Azure Linux: Model the OS License Savings Before Migrating
Azure Linux at no licensing cost creates a cost reduction opportunity for any team running paid Linux distributions on Azure VMs. The migration analysis:
- Identify all Azure VMs running RHEL or SUSE with an OS license cost component on the Azure bill.
- Verify that Azure Linux supports the workload type and OS compatibility requirements for each VM.
- Model the monthly OS licensing cost eliminated per VM.
- Factor in migration testing and any application compatibility work.

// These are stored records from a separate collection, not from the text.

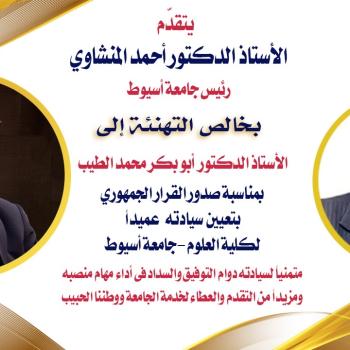 قدّم الدكتور أحمد المنشاوي، رئيس جامعة أسيوط، خالص التهنئة إلى الدكتور أبو بكر محمد…
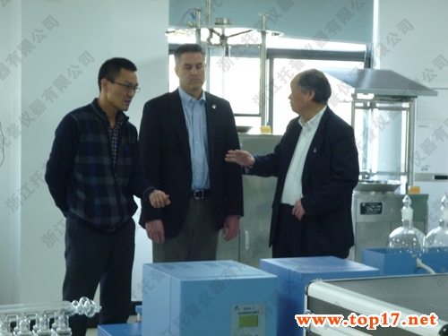 圖為:加拿大泰克資源安德魯·格林教授、國際鋅協(xié)會樊明憲教授參觀托普儀器產(chǎn)品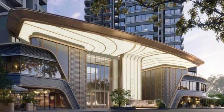 中建天钰主入口采用酒店式落客区设计,进入小区前,必须穿过拥有高透外立面的归家大堂,约9米的挑高,竖向尺度上便拉满了酒店迎宾感。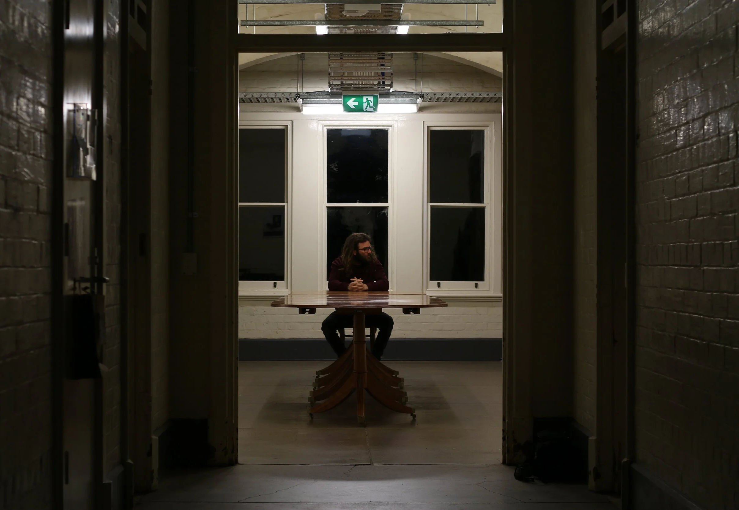 Working: The other desk is a mirror of the first, but intentionally left unfinished. It gives hints to how each component from the old boardroom table was repurposed. It bears scars, etchings in the original finish, and relics in the form of mechanisms from the discarded meeting table. This desk represents the personal workstation, left unchecked with a little chaos amongst the order. Its personalisations make it one of a kind, finding value in individuality.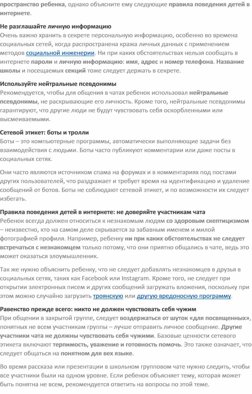 Очень важно хранить в секрете персональную информацию, особенно во времена социальных сетей, когда распространена кража личных данных с применением методов социальной инженерии. Ни при каких обстоятельствах нельзя сообщать в интернете пароли и личную информацию: имя, адрес и номер телефона. Название школы и посещаемых секций тоже следует держать в секрете.

For large fleets with hundreds of RHEL or SUSE VMs, the aggregate OS licensing removal can be material. This is separate from the Azure Hybrid Benefit calculation for Windows Server, which applies through a different mechanism.
Databricks Genie Billing: Act Before July 6
The Databricks Genie pay-as-you-go transition on July 6 is an underestimated cost change. Teams that enabled Genie for broad user access without usage controls will start incurring DBU charges per user beyond 150 DBUs per month. Create per-user and per-group spending limits in Databricks Cost Management before July 6.
Configure email alerts at the 80% threshold of the free allowance to catch usage before it bills. Any user consistently above 150 DBUs per month should be identified now and the business case for their usage evaluated before billing starts.